He takes a step to the side, blocking my way. “I’m sure you do,” he says, throwing on a fake grin. Like the agents out front, he’s in standard suit and tie, but the microphone on his lapel… I almost miss it at first. It’s tinier than a small silver bead. They don’t give that kind of tech to guys on former-President duty. Whoever he is, he’s not from the Orlando field office. He’s from D.C. “If you’ll follow me…”

He pivots around, leading me down the center hallway, into the formal living room, and past the gold velvet sofa that yesterday held Madame Tussauds’ set of Leland Manning eyeballs.

“Here you go,” the agent adds, stopping at the double set of French doors on the far left side of the room. “I’ll be right here,” he says, motioning back to the main hallway. It’s not meant as a comfort.
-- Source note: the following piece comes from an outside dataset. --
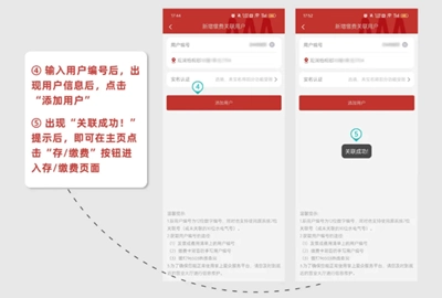 ⑤出现 “关联成功!”提示后,即可在主页点击“存/缴费” 按钮进入存/缴费页面
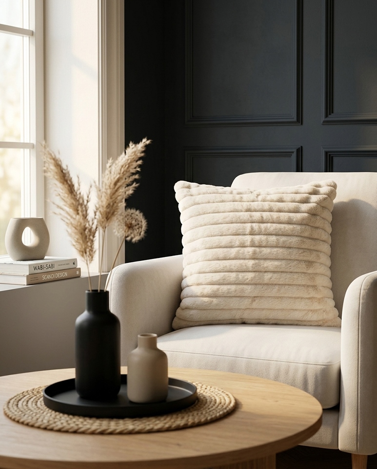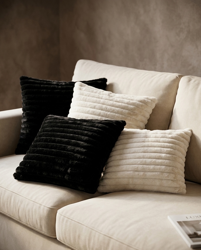 Czarna poduszka dekoracyjna świetnie komponuje się z jasnymi tkaninami, drewnem, beżami, szarościami oraz mocniejszymi kontrastami. Można ułożyć ją na sofie, fotelu lub łóżku, aby dodać przestrzeni przytulności i eleganckiego wykończenia.

Watching him leave, I bite the dead skin on the inside of my cheek and reach for the American eagle brass doorknob. But just as I palm the eagle, the doorknob turns by itself, and the door opens. I was so busy watching the agent, I didn’t see him. Our eyes lock instantly. This time, though, as I spot the brown with the splash of light blue, my stomach doesn’t plummet. And he doesn’t run.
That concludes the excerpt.